**From:** Eliezer S. Yudkowsky (*sentience@pobox.com*)

**Date:** Thu Sep 15 2005 - 14:02:10 MDT

**Next message:**Russell Wallace: "Re: Hempel's paradox redux"**Previous message:**Ben Goertzel: "RE: Hempel's paradox redux"**In reply to:**Ben Goertzel: "RE: Hempel's paradox redux"**Next in thread:**Russell Wallace: "Re: Hempel's paradox redux"**Reply:**Russell Wallace: "Re: Hempel's paradox redux"**Reply:**Ben Goertzel: "RE: Hempel's paradox redux"**Reply:**Ben Goertzel: "Hempel's paradox redux"**Messages sorted by:**[ date ] [ thread ] [ subject ] [ author ] [ attachment ]

Ben Goertzel wrote:

*> Hey Eli,
*

*>>> http://www.goertzel.org/new_essays/hempel.htm
*

*>> I find your lack of faith disturbing.
*

*>
*

*> Well, my wife and I found the flaw in a brief conversation before we went to
*

*> sleep last night but I was really tired and I didn't feel like dealing with
*

*> the computer anymore ;)
*

*>
*

*> As she pointed out, the situation with states 2 and 4 in my little story
*

*> about the midget is a lot like the situation where you have two coins, one
*

*> with two heads and one regular coin with a head and a tail. If you are told
*

*> that one has been tossed and the result was a head, then the odds are 2:1
*

*> that the the coin in question was the double-headed coin. [The heads are
*

*> W's, the tail is a B]
*

*>
*

*> Duuuuhhh...
*

That was one mistake, yes.

Marcello caught the first one, but his algebra may have been hard for

some to follow, so I now explain it intuitively.

1)

A mathematician tells you that he has two children. You ask, "Is one of

your children a boy?" and the mathematician answers "Yes." What is the

probability that the other child is a girl? Two-thirds. Why? Because

the possible birth orders are BB, BG, GB, and GG, each equally probable.

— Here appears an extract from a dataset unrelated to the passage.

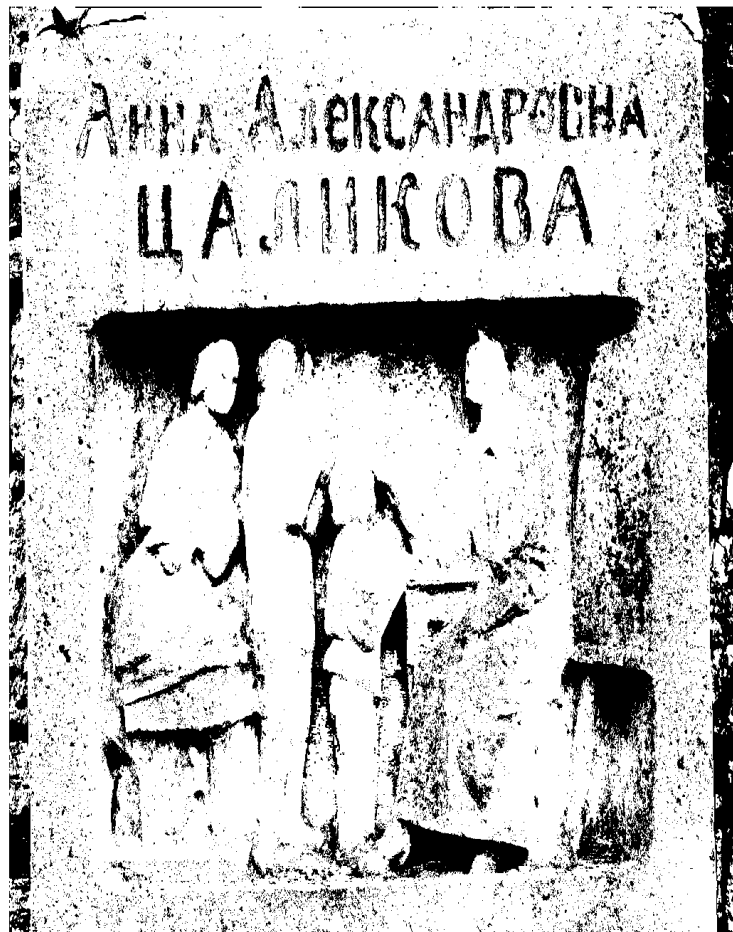
Фото 5-6. Объект культурного наследия регионального значения «Могила Цаликовой – близкого друга К. Хетагурова», Ставропольский край, г. Пятигорск, старое кладбище. Надгробная плита, горельеф.
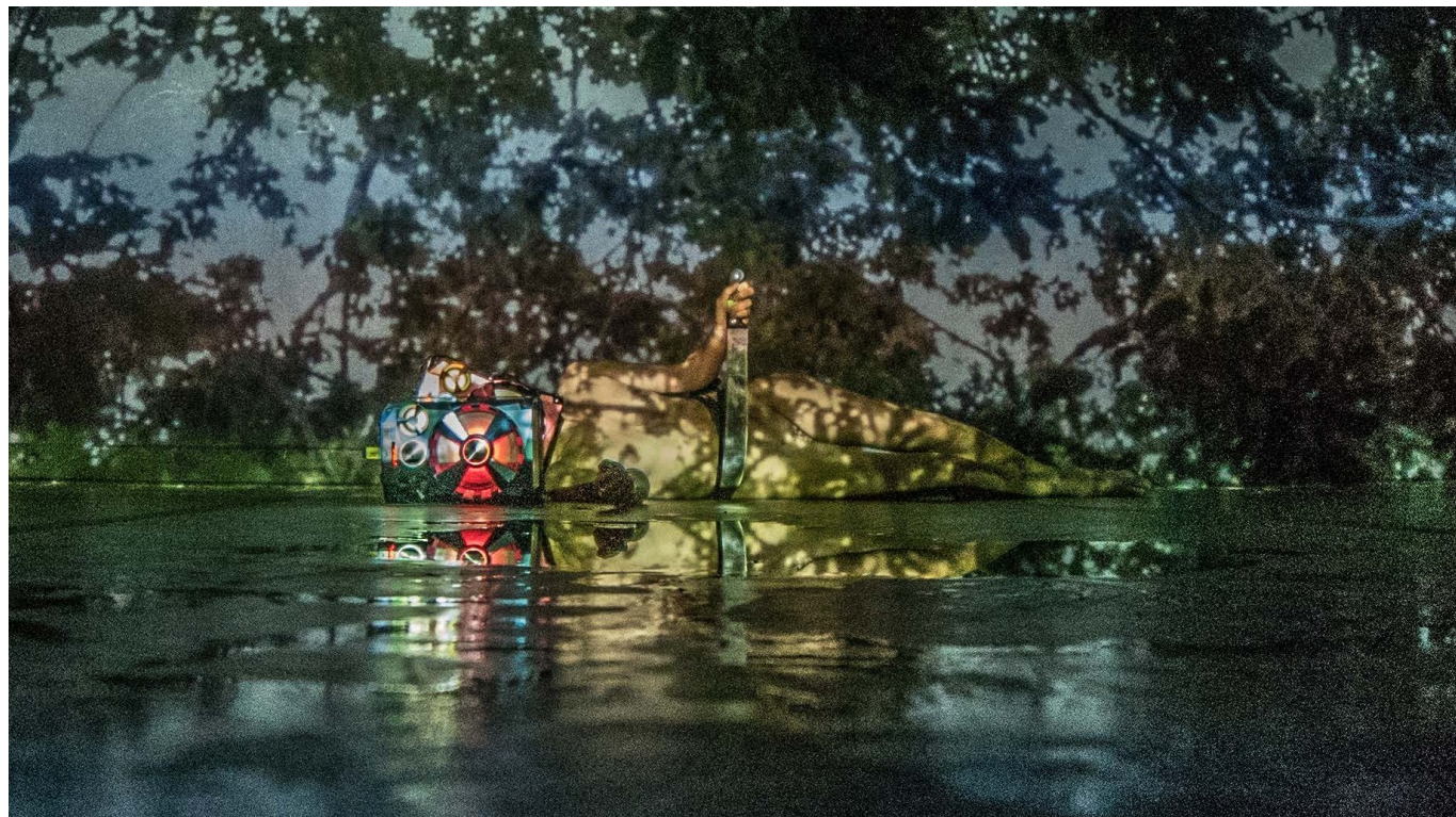
© Altamira 2042, Gabriela Carneiro da Cunha and Xingu, 2019.

For the first three the mathematician certainly answers "Yes" to your

question, and for the fourth the mathematician certainly answers "No".

So since the likelihoods are equal for the first three probabilities,

the mathematician's answer doesn't change your prior belief that the

mathematician is twice as likely to have a girl and a boy as to have two

boys.

But suppose that you randomly sample a child, and the child is a boy.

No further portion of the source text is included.